Except it’s not quite Magee’s voice. It’s a synthetic voice clone generated by artificial intelligence.

As video game worlds get more expansive, some game studios are experimenting with AI tools to give voice to a potentially unlimited number of characters and conversations. It also saves time and money on the “vocal scratch” recordings game developers use as placeholders to test scenes and scripts.

The response from professional actors has been mixed. Some fear that AI voices could replace all but the most famous human actors if big studios have their way. Others, like Magee, have been willing to give it a try if they’re fairly compensated and their voices aren’t misused.

“I hadn’t really anticipated AI voices to be my break into the industry, but, alas, I was offered paid voice work, and I was grateful for any experience I could get at the time,” said Magee, who grew up in Northern Ireland and has previously worked as a craft brewery manager, delivery driver and farmer.

He now specializes in voicing a diverse range of characters from the British Isles, turning what he used to consider a party trick into a rewarding career.

AI voice clones don’t have the best reputation, in part because they’ve been misused to create convincing deepfakes of real people — from U.S. President Joe Biden to the late Anthony Bourdain — saying things they never said.

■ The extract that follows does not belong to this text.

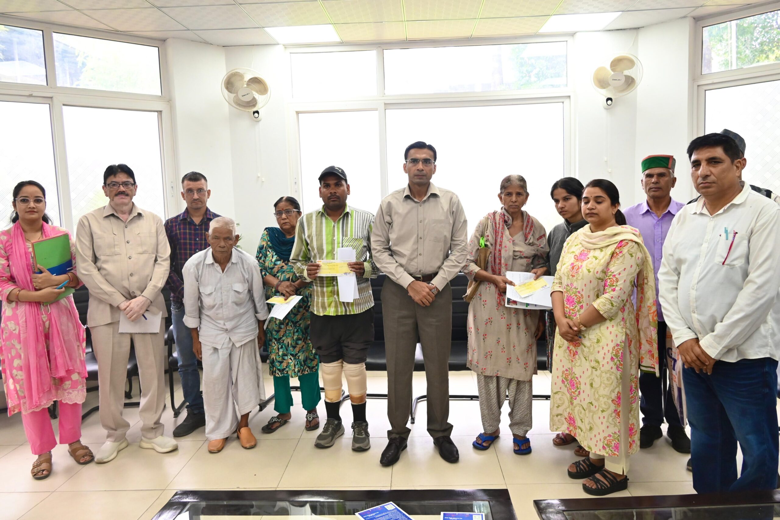 जिलाधिकारी सविन बसंल सक्रिय राइफल क्लब फंड से आज 06 असहाय, अक्षम और जरूरतंद लोगों को 1.50 लाख की आर्थिक सहायता चेक प्रदान किए गए प्रत्येक लाभार्थी को वितरित किए 25-25 हजार आर्थिक सहायता के चैक प्रदान किए।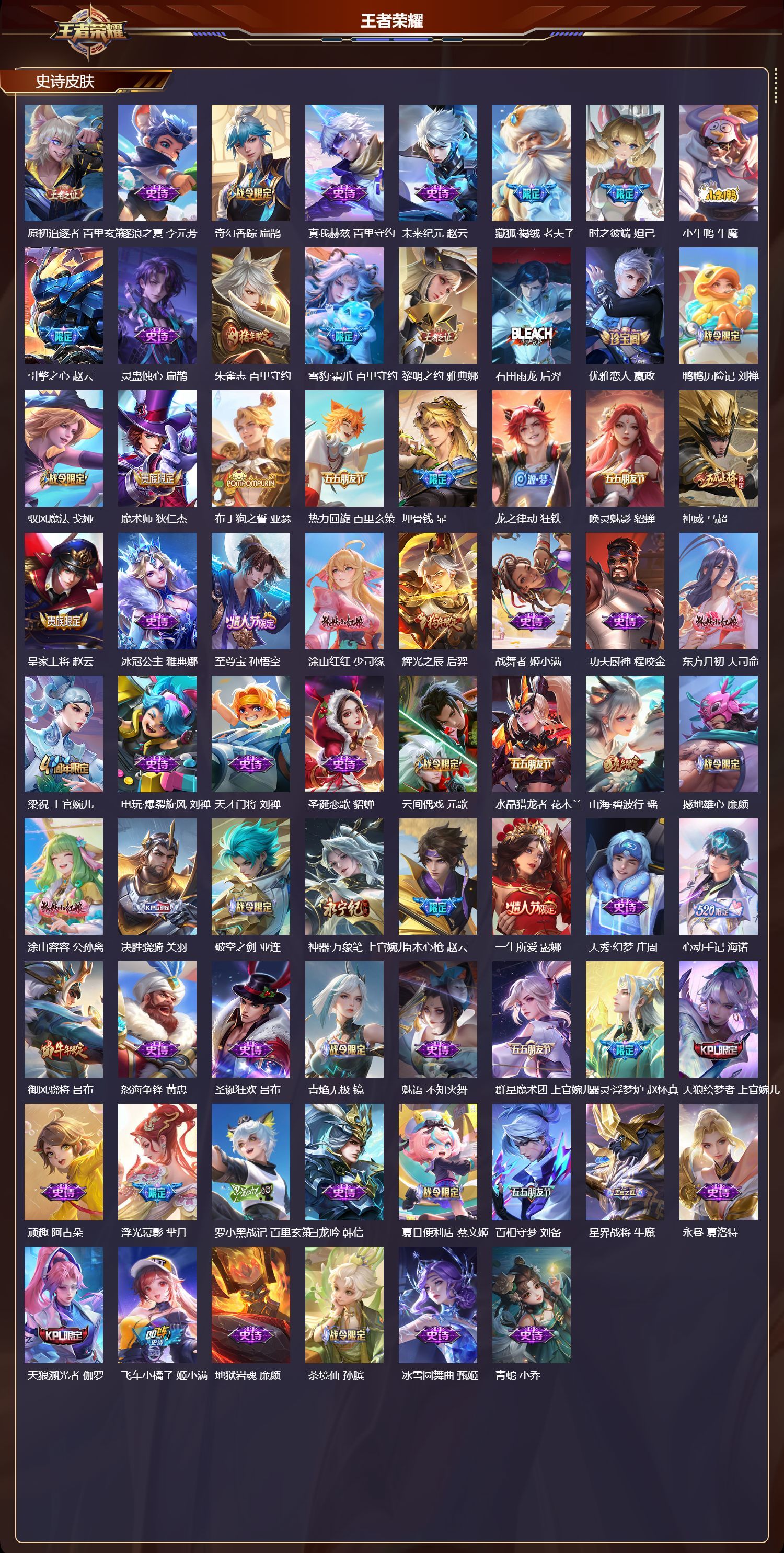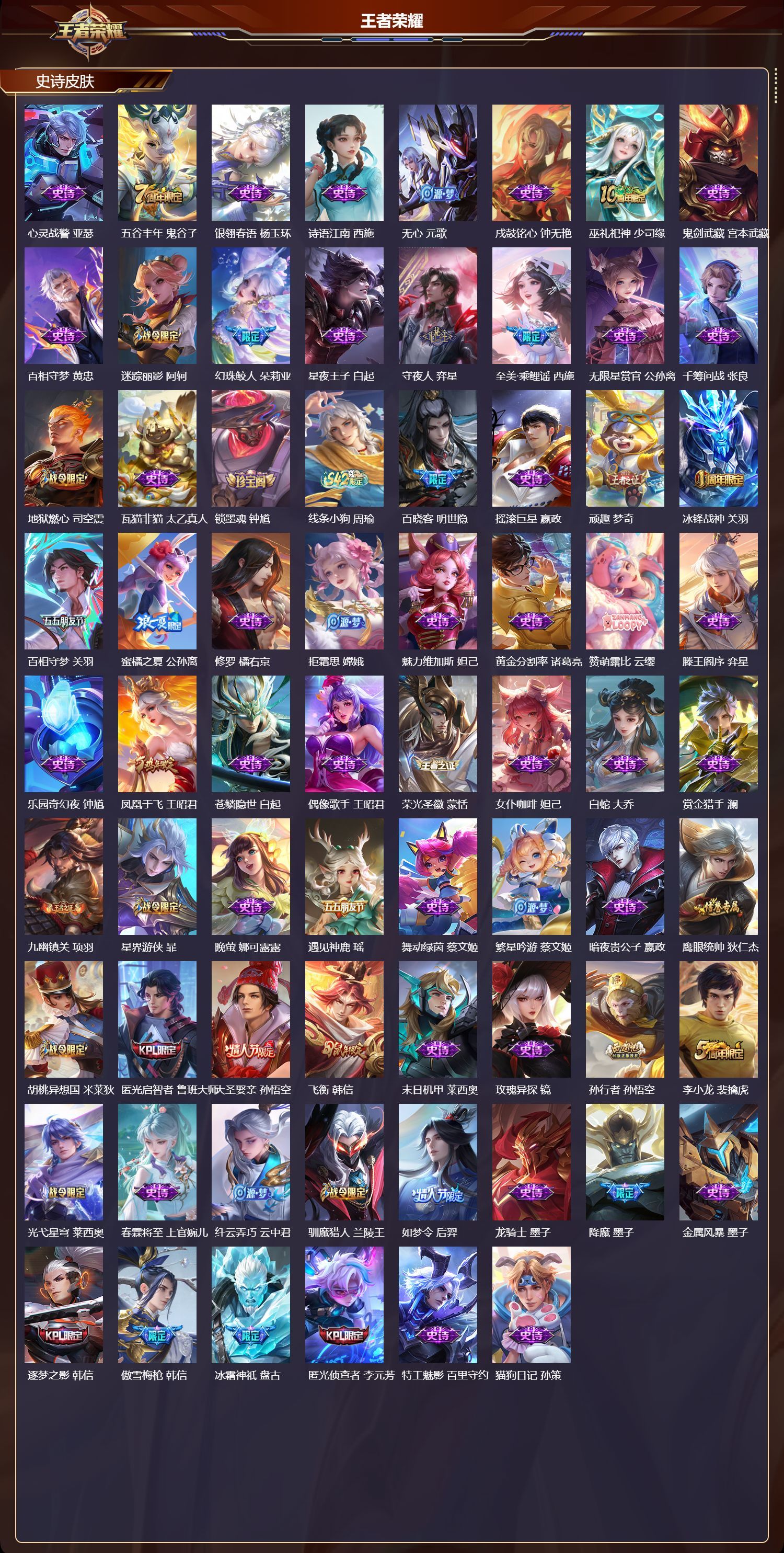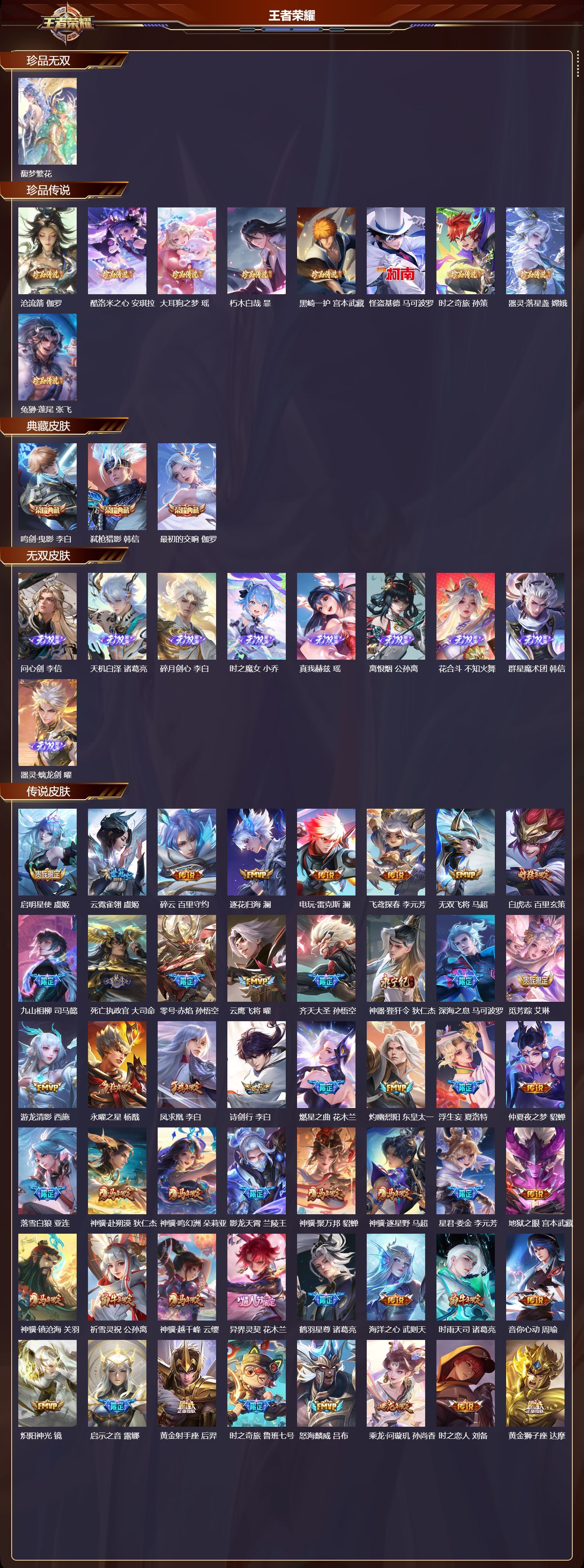 苹果QQ/荣耀王者/613皮肤/126英雄/3典藏/1珍品无双/9无双/9珍品传说/92传说/211

Some early attempts by independent developers to add them to video games have also been poorly received, both by gamers and actors — not all of whom consented to having their voices used in that way.

Most of the big studios haven’t yet employed AI voices in a noticeable way and are still in ongoing negotiations on how to use them with Hollywood’s actors union, which also represents game performers. Concerns about how movie studios will use AI helped fuel last year’s strikes by the Screen Actors Guild-American Federation of Television and Radio Artists but when it comes to game studios, the union is showing signs that a deal is likely.

Sarah Elmaleh, who has played the Cube Queen in Fortnite and numerous other high-profile roles in blockbuster and indie games, said she has “always been one of the more conservative voices” on AI-generated voices but now considers herself more agnostic.

“We’ve seen some uses where the (game developer’s) interest was a shortcut that was exploitative and was not done in consultation with the actor,” said Elmaleh, who chairs SAG-AFTRA’s negotiating committee for interactive media.

But in other cases, she said, the role of an AI voice is often invisible and used to clean up a recording in the later stages of production, or to make a character sound older or younger at a different stage of their virtual life.

“There are use cases that I would consider with the right developer, or that I simply feel that the developer should have the right to offer to an actor, and then an actor should have the right to consider that it can be done safely and fairly without exploiting them,” Elmaleh said.

SAG-AFTRA has already made a deal with one AI voice company, Replica Studios, announced last month at the CES gadget show in Las Vegas. The agreement — which SAG-AFTRA President Fran Drescher described as “a great example of AI being done right” — enables major studios to work with unionized actors to create and license a digital replica of their voice. It sets terms that also allow performers to opt out of having their voices used in perpetuity.